__Directions__. Each line below must be reproduced exactly, though the pictures are to be dropped.

__Data below__.

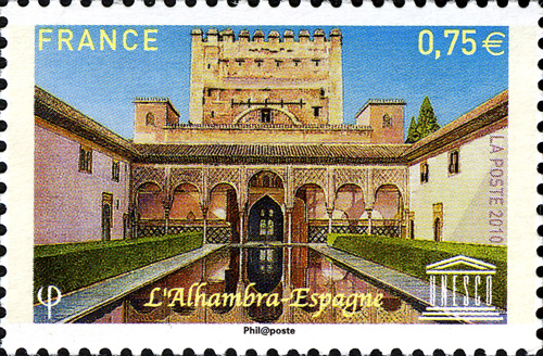 Notizie: L'Alhambra è un complesso palaziale andaluso a Granada. Etimologicamente, Alhambra in arabo è "al-Hamra'" (la Rossa), dal momento che il suo nome intero era Qalat al-hamra. (Fortezza rossa). Secondo talune versioni il nome veniva dal colore rosato delle mura che circondavano l'Alhambra. L'Alhambra è una vera città murata (medina) che occupa la maggior parte del colle della Sabika, mentre per parte sua Granada fruiva di un altro sistema di mura protettive di cinta. Pertanto l'Alhambra poteva funzionare in modo autonomo rispetto a Granada. Nell'Alhambra vi erano tutti i servizi propri necessari agli abitanti che vi vivevano: moschee, scuole, botteghe e altro. Nel 1238 fece il suo ingresso a Granada dalla Porta di Elvira, per occupare il Palazzo del Gallo del Vento, Muhammad ibn Nasr (noto anche come Nazar), chiamato al-Hamar, "Il Rosso", perché aveva la barba di colore rossiccio, fondatore della dinastia nasride. Quando Muhammad ibn Nasr entrò trionfatore a Granada, la popolazione lo accolse al grido di Benvenuto al vincitore per la grazia di Dio, al quale egli rispose dicendo: Non v'è altro vincitore se non Dio. Questo è il motto dello stemma nasride ed è scritto in tutta l'Alhambra. Muhammad ibn Nasr fece edificare il primo nucleo del palazzo. Suo figlio Muhammad II, che fu amico di Alfonso X di Castiglia, lo fortificò. Lo stile granadino nell'Alhambra rappresenta il punto supremo raggiunto dall'arte andalusa, che non si realizzò fino alla metà del secolo XIV con Yusuf I e Muhammad V nel 1333 e 1354. Nel 1492, con la conquista di Granada da parte dei Re Cattolici, l'Alhambra passò ad essere palazzo reale dei re castigliani e questo salvò il complesso dalla distruzione patita invece da tanti altri monumenti islamici a seguito della Reconquista. Il Comitato del patrimonio mondiale dell'UNESCO ha dichiarato l'Alhambra e il Generalife di Granada Patrimonio Culturale dell'Umanità nella sua sessione del giorno 2 novembre 1984. È stata nominata uno dei 21 candidati finalisti per essere indicata una delle sette meraviglie del mondo moderno.
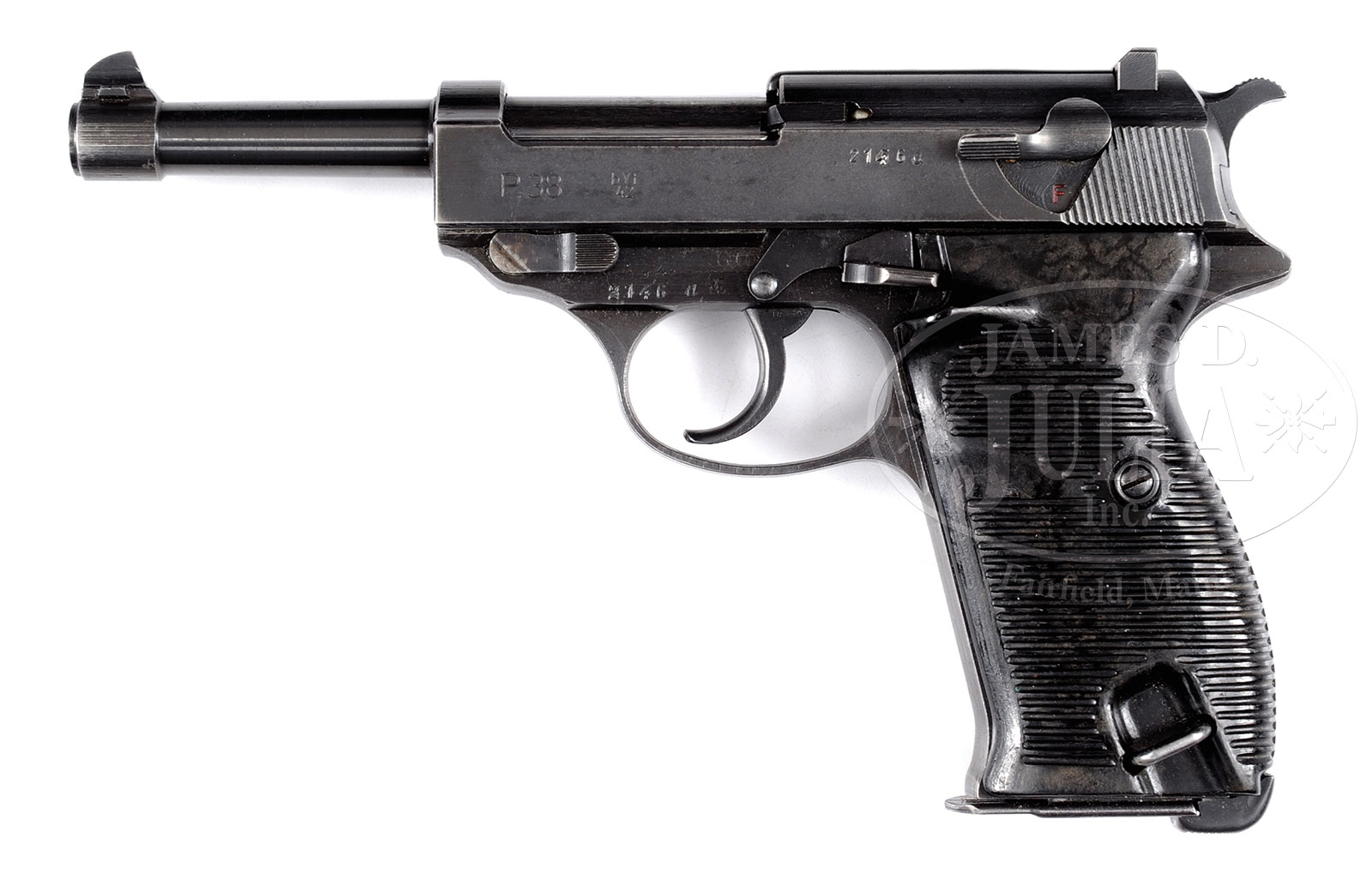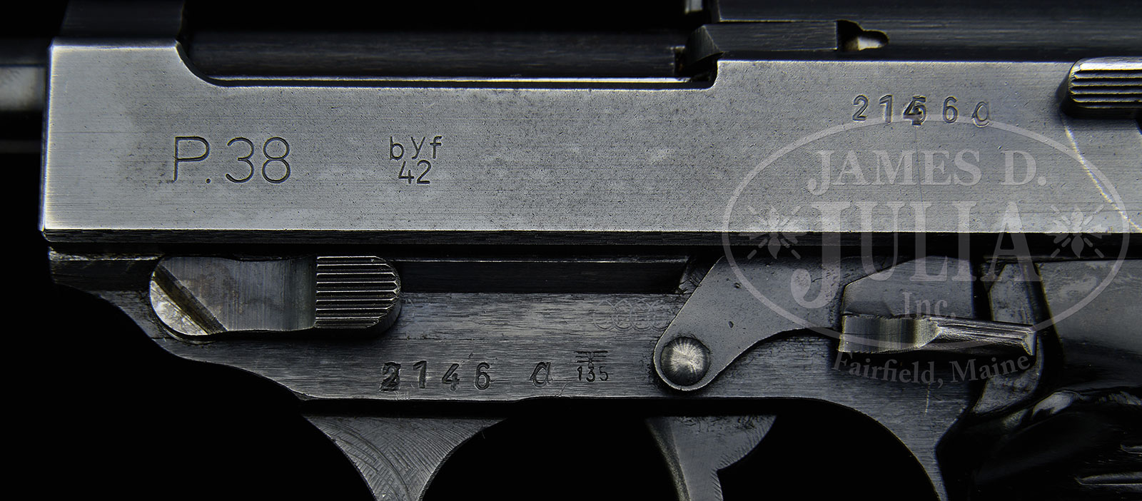 *FINE MAUSER “BYF’ CODE P.38 PISTOL DATED 42.SN 2146a. Cal. 9mm. 5″ bbl dull blue finish slide with matching frame and military polish barrel. Matching numbers through out. Stack Date “BYF over 42”. Correct brownish Bakelite 2 piece grips. Waffen 135 inspection found slide barrel frame and locking lug. Early “a” series stack date P.38 pistols are difficult to find in fine condition as they were relatively early war and hard used. CONDITION: Very fine overall with excellent bright shiny bore and crisp action. Finish, although showing slight minimal wear, is very fine. Front strap finish is worn thin with about 50% remaining. Frame has slight finish wear at forward edges of and surrounding take down latch. Typical finish loss from holster carry but a fine honest example of a Stack Date 42 Mauser. 51221-3 TDW (1,000-2,000) C&R – Lot 1587
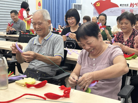 2024年8月9日,新升社区组织辖区老年人在党群活动室开展“银龄同携手”主题插花活动。

__Task response__.
 Notizie: L'Alhambra è un complesso palaziale andaluso a Granada. Etimologicamente, Alhambra in arabo è "al-Hamra'" (la Rossa), dal momento che il suo nome intero era Qalat al-hamra. (Fortezza rossa). Secondo talune versioni il nome veniva dal colore rosato delle mura che circondavano l'Alhambra. L'Alhambra è una vera città murata (medina) che occupa la maggior parte del colle della Sabika, mentre per parte sua Granada fruiva di un altro sistema di mura protettive di cinta. Pertanto l'Alhambra poteva funzionare in modo autonomo rispetto a Granada. Nell'Alhambra vi erano tutti i servizi propri necessari agli abitanti che vi vivevano: moschee, scuole, botteghe e altro. Nel 1238 fece il suo ingresso a Granada dalla Porta di Elvira, per occupare il Palazzo del Gallo del Vento, Muhammad ibn Nasr (noto anche come Nazar), chiamato al-Hamar, "Il Rosso", perché aveva la barba di colore rossiccio, fondatore della dinastia nasride. Quando Muhammad ibn Nasr entrò trionfatore a Granada, la popolazione lo accolse al grido di Benvenuto al vincitore per la grazia di Dio, al quale egli rispose dicendo: Non v'è altro vincitore se non Dio. Questo è il motto dello stemma nasride ed è scritto in tutta l'Alhambra. Muhammad ibn Nasr fece edificare il primo nucleo del palazzo. Suo figlio Muhammad II, che fu amico di Alfonso X di Castiglia, lo fortificò. Lo stile granadino nell'Alhambra rappresenta il punto supremo raggiunto dall'arte andalusa, che non si realizzò fino alla metà del secolo XIV con Yusuf I e Muhammad V nel 1333 e 1354. Nel 1492, con la conquista di Granada da parte dei Re Cattolici, l'Alhambra passò ad essere palazzo reale dei re castigliani e questo salvò il complesso dalla distruzione patita invece da tanti altri monumenti islamici a seguito della Reconquista. Il Comitato del patrimonio mondiale dell'UNESCO ha dichiarato l'Alhambra e il Generalife di Granada Patrimonio Culturale dell'Umanità nella sua sessione del giorno 2 novembre 1984. È stata nominata uno dei 21 candidati finalisti per essere indicata una delle sette meraviglie del mondo moderno.
 *FINE MAUSER “BYF’ CODE P.38 PISTOL DATED 42.SN 2146a. Cal. 9mm. 5″ bbl dull blue finish slide with matching frame and military polish barrel. Matching numbers through out. Stack Date “BYF over 42”. Correct brownish Bakelite 2 piece grips. Waffen 135 inspection found slide barrel frame and locking lug. Early “a” series stack date P.38 pistols are difficult to find in fine condition as they were relatively early war and hard used. CONDITION: Very fine overall with excellent bright shiny bore and crisp action. Finish, although showing slight minimal wear, is very fine. Front strap finish is worn thin with about 50% remaining. Frame has slight finish wear at forward edges of and surrounding take down latch. Typical finish loss from holster carry but a fine honest example of a Stack Date 42 Mauser. 51221-3 TDW (1,000-2,000) C&R – Lot 1587
 2024年8月9日,新升社区组织辖区老年人在党群活动室开展“银龄同携手”主题插花活动。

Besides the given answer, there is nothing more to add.